Зрелище ее страданий убедило весь монастырь в святости Гертруды. Они верили, что она ежедневно общается с их невидимым Главой. Естественно, поэтому, что они приносили ей свои печали и умоляли о ее заступничестве, как люди просят министра дать совет королю, или управляющего — исправить небрежность отсутствующего хозяина, или фаворитку — умолять, чтобы ради ее любви была свершена справедливость, которая в противном случае была бы удержана. Естественно также, что Гертруда должна была верить в свою способность направлять волю Божью; естественно, что странное тщеславие визионера и истерика должно было затмить очи ее разума и вести ее дальше по выбранному ею пути. После видений — чудеса.
IV.
Чудеса существуют в сознании свидетелей. «Le miracle, — сказал Ламенне, — existe quand on y croit». Для современного скептика чудеса, которые обеспечили канонизацию Гертруды, являются такими естественными пустяками, что трудно представить, что они когда-либо могли наполнить всю округу восторгом и благодарением. Внезапный дождь, прекращение ливня, находка иголки — вот ее чудеса. Но послушайте, с какой помпой и обстоятельствами хронист повествует о них.

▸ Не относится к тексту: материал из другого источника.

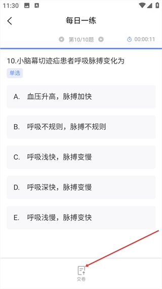 所有题目完成后,点击页面底部的【交卷】按钮,就能提交你的作答内容,同时查看练习结果。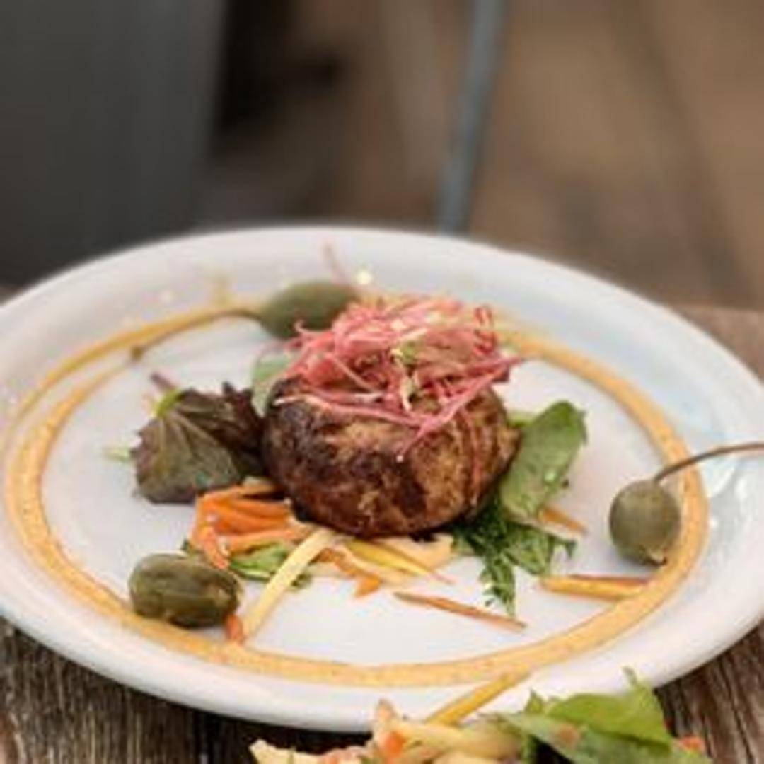 Pan-fried crab cakes, featuring fresh crab meat, seasoned with herbs and spices. Served with a lemon aioli or similar light sauce, and often accompanied by a small salad or side of greens.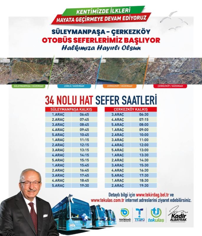 17 Nisan 2023 Pazartesi günü Süleymanpaşa- Çerkezköy arasında başlayacak olan seferler; TEKULAŞ’a ait 34 numaralı hat ile Süleymanpaşa Yeni Otogar’dan kalkarak Tekirdağ Şehir Hastanesi- NKÜ Araştırma Hastanesi- Çorlu- Çerkezköy arasında hizmet verecek. Vatandaşlarımız araç güzergâhındaki aktif kullanılan tüm duraklardan indi bindi yapabilecek.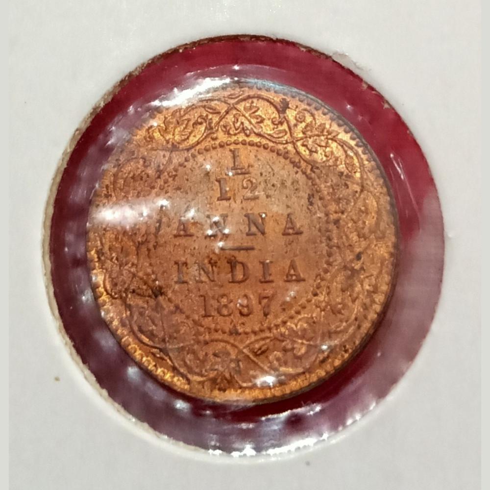 British India 1/12 ANNA Year 1897 VICTORIA EMPRESS V.SCARE RED-UNC Grade.

«Однажды вечером, когда монахини закончили ужин, они вышли во двор, чтобы закончить определенную работу, которую им было поручено сделать, и случилось так, что в это время солнце все еще светило, несмотря на то, что на небе было несколько облаков, грозивших дождем; поэтому она, вздыхая, начала сердечно беседовать с Господом, я слышал все, что она говорила, а именно: “О Господь Бог, Творец всего, я не желаю, чтобы Ты, как будто принужденный, повиновался воле меня недостойной; тем не менее, мне было бы очень дорого, если бы это было угодно Тебе, если бы Твоя самая щедрая благость возобладала над Твоей честной справедливостью, чтобы немного задержать ради меня этот дождь. Тем не менее, да будет воля Твоя”. Она произнесла эти последние слова, предавая себя в руки Божьи, не думая ни о чем, кроме исполнения Его благого желания; чудесной вещью, безусловно, должно считаться то, что едва она закончила говорить, как молния, гром и крупные капли дождя обрушились с великой яростью; по каковой причине, движимая жалостью к другим сестрам, она осталась совершенно исполненной страха и снова сказала Господу: “Пусть Твоя благость, о самый милосердный Боже, продлится хотя бы столько, сколько нам нужно, чтобы закончить нашу назначенную работу”. При этих словах самый милосердный Бог, чтобы показать, как во всем Он был рад исполнить ее молитву, задержал дождь, пока монахини не закончили работу, над которой трудились; после чего они вернулись в монастырь, и едва они достигли ворот, как началась буря с дождем, громом и молнией, так что некоторые из сестер, задержавшиеся позади, не могли войти в дверь, прежде чем не промокли до нитки».
V.
Гертруда была святой монастыря, и все же ее честолюбие не могло быть полностью реализовано. Она, которая с самого детства упорно трудилась, чтобы приобрести «всяческие добродетели, чтобы угодить очам каждого», она, любимица Бога, была, тем не менее, в монастыре менее любима, чем простая Мехтильда. Этот факт раскрывается бессознательно на каждой странице ее жизни, во всех многочисленных откровениях, когда Бог объявляет, что, несмотря на признание монастыря, Гертруда выше Мехтильды. И выше она была — более страстная, сильная и искренняя, страдающая от мук и горящая великими желаниями, которые ее милая и счастливая сестра не могла постичь. Любовь была необходима ей, любовь и одобрение. Они были самой пищей ее души. Читая бок о бок ее откровения и ее жизнь, легко понять, как по мере того, как она не могла получить любовь и нежность своих подруг, ее видения становились эротичными и страстными. Дать такой натуре уважение, почтение, благоговение в качестве награды за ее жертву — это, по самой горькой правде, дать камень ребенку, плачущему о хлебе. Гертруда, будучи голодной, мечтала о пире; призрачные банкеты, которые не питают, а сводят с ума.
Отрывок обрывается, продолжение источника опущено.